**Provided material**:

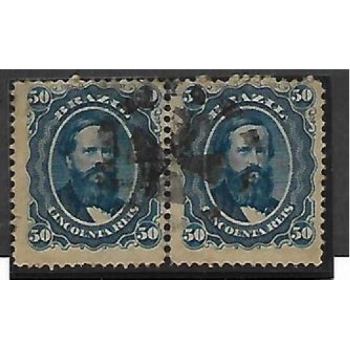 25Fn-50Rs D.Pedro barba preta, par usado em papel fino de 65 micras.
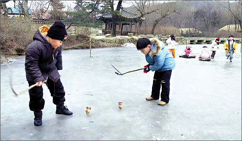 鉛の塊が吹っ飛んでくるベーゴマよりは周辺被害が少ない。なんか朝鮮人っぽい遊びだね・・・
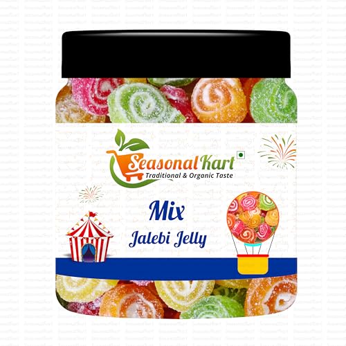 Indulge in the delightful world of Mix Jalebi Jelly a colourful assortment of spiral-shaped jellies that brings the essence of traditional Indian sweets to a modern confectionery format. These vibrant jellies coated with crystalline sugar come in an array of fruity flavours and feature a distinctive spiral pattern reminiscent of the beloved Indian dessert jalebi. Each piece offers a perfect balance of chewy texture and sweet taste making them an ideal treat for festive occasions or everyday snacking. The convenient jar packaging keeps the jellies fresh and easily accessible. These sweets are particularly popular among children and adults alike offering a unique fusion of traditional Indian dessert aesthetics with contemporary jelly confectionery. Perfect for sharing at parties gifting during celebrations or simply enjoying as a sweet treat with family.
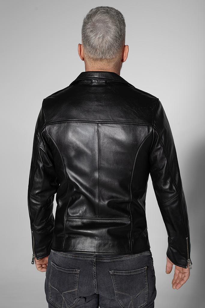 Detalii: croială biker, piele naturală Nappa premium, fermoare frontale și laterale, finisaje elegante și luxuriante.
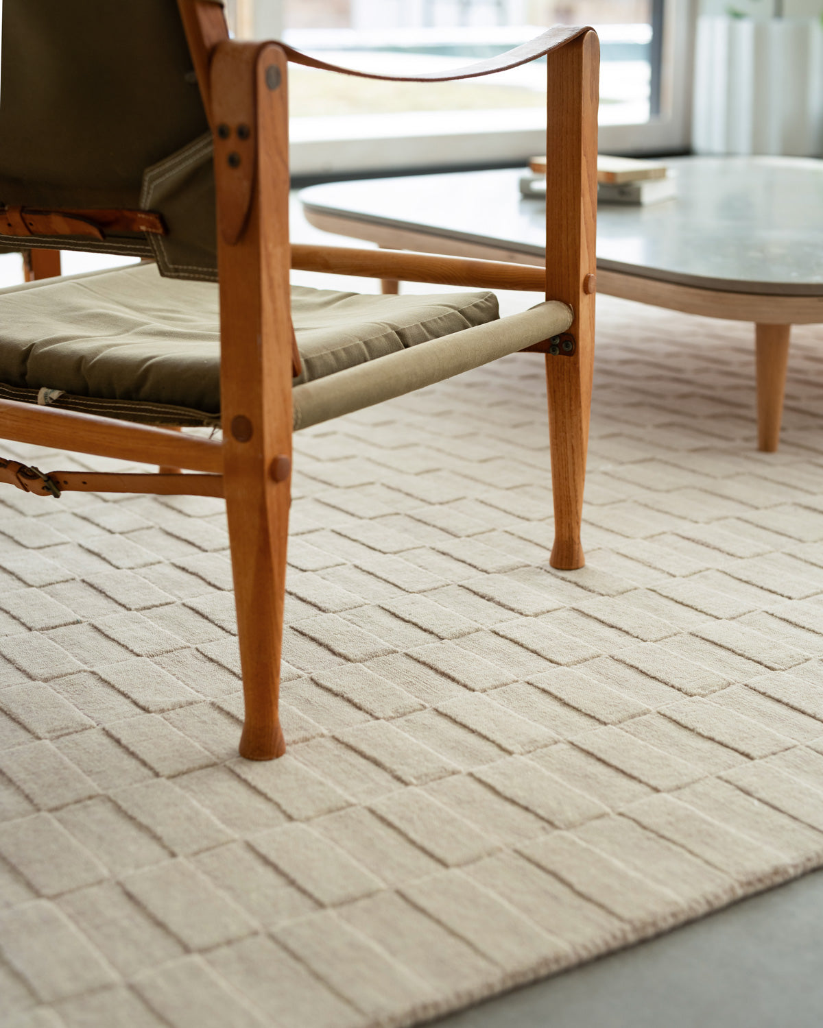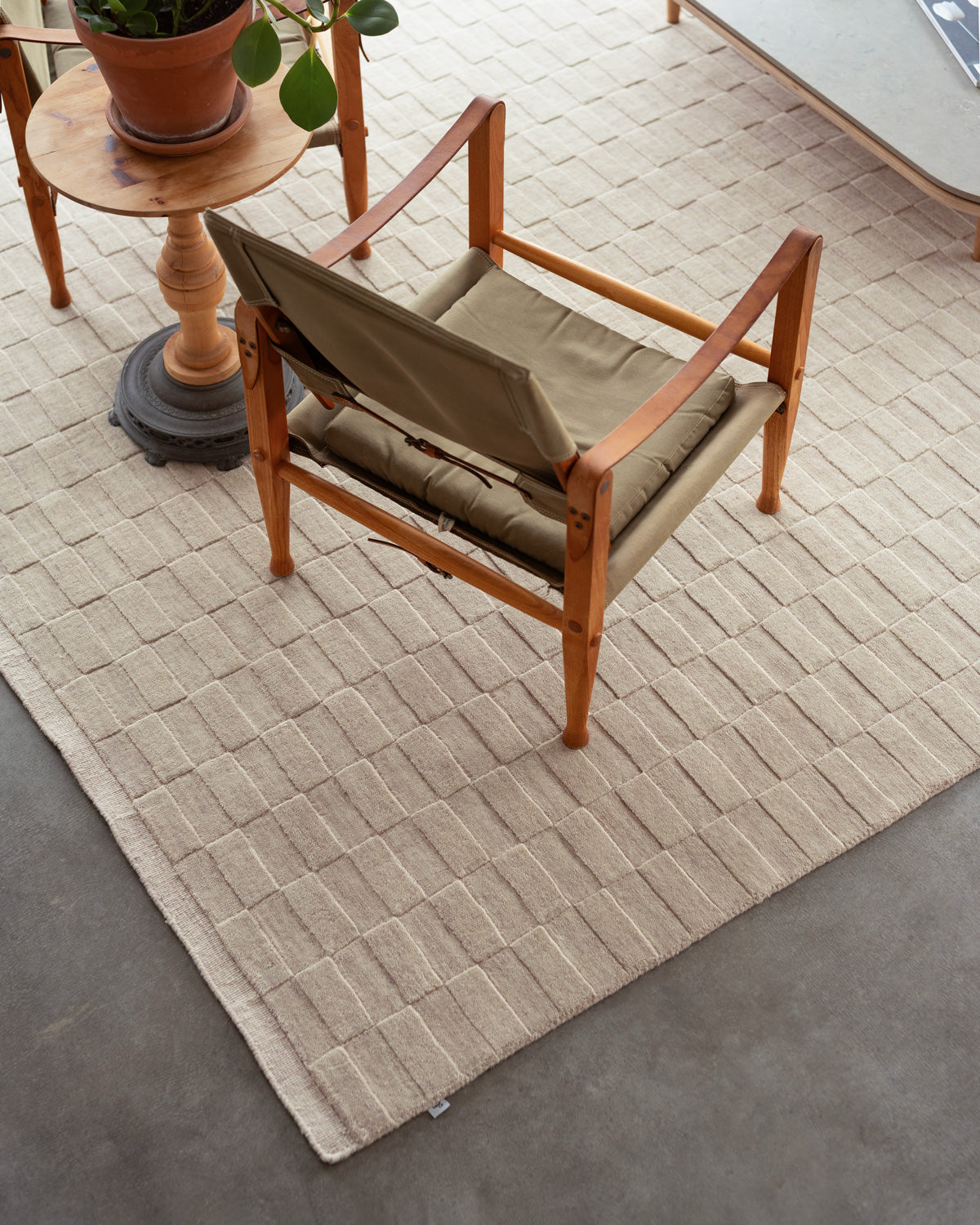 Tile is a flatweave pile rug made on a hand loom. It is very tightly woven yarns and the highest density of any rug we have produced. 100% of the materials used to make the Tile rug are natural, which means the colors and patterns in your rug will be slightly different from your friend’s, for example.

**Work item**:
Reproduce the data above line for line, from its first line through the line containing "鉛の塊が吹っ飛んでくるベーゴ", both ends included, with the pictures omitted and nothing more.

**Exercise output**:
 25Fn-50Rs D.Pedro barba preta, par usado em papel fino de 65 micras.
 鉛の塊が吹っ飛んでくるベーゴマよりは周辺被害が少ない。なんか朝鮮人っぽい遊びだね・・・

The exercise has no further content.